Brandon University receives Eagle Staff to help Indigenize ceremonies and celebrations

Three people stand with a ceremonial eagle staff.
Wil Mousseau, Barb Blind, and David Docherty share a happy moment during the presentation of an Eagle Staff to Brandon University.

The presentation of a sacred Eagle Staff, or migizii mitik, to Brandon University will help the university include a new Indigenous element in important ceremonial occasions and celebrations.

William Mousseau, an Anishanaabek artisan from Ebb and Flow First Nation, created the Eagle Staff out of natural elements with spiritual significance and symbolic value to the university as well as to Indigenous communities in the region.

“Everything is made by hand, even the letters,” said Mousseau, a former student in BU’s IshKaabatens Waasa Gaa Inaabateg Department of Visual Art. “It took a lot of long, hard, and careful work, and in the end so much that just fell into place.”

Several of Mousseau’s former instructors from the department were on hand for the ceremony and feast earlier this spring when the Eagle Staff was presented.

Before the official presentation, earlier this spring, Elder and Knowledge-Keeper Barb Blind smudged all present, as well as the staff itself. Then Mousseau gave a brief overview of the elements of the staff and presented it to BU President David Docherty.

Close-up view of an Eagle Staff, showing off the painted medicine wheel and otter fur.
The Eagle Staff is made of tamarack, wrapped in deer leather and river otter fur.

The staff is about five feet tall, with a curve at the top.
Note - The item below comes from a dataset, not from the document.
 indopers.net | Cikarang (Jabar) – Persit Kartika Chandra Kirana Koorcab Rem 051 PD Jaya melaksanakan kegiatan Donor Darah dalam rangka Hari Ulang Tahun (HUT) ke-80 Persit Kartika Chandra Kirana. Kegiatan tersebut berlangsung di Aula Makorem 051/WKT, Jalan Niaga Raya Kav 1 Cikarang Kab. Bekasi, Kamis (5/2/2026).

While to some it may look like a shepherd’s crook, the design is a traditional Indigenous one, Mousseau said.

The staff itself is made from a young tamarack tree chosen by Mousseau. Tamarack was traditionally used in many plains tipis and grows naturally straight; this staff has rare twisted fiber growth, which adds unique character. Creating a curve in the staff without splintering or snapping the wood took a careful and lengthy process as he guided the wood into place.

Wrapped around the wood is deer leather near the bottom, and river otter fur along most of the length of the staff. The luxurious fur all came from a single pelt, which Mousseau said was the finest he had ever seen.
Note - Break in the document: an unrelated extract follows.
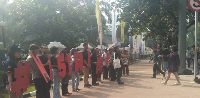 "Kita tak mau bermaaf-maafan, tak mengobati luka hati keluarga korban," teriakan salah seorang orator dalam aksi, Kamis (2/8).

In the centre of the curve is a version of the traditional medicine wheel, painted on both sides of a two=sided leather shield. While Mousseau said his traditions would normally call for slightly different colours, he opted for a medicine wheel style that would be inclusive of other Indigenous traditions in the wider region.

Five bald eagle feathers are strung from the top of the staff, one for each faculty at Brandon University. The feathers are white, meaning they are from more mature eagles, and they symbolize knowledge and community. Tucked behind the feathers is a medicine bag with tobacco, sage, and cedar and sweet grass inside.

From the side of the staff, a large banner projects out, featuring the Brandon University logo, name, and graphic elements like the chevron on both sides. The logo, a version of the official BU crest, was beaded with incredible attention to detail by Christine Tokohopie, of the BU “beading babes” who leads regular workshops at the BU Indigenous Peoples’ Centre.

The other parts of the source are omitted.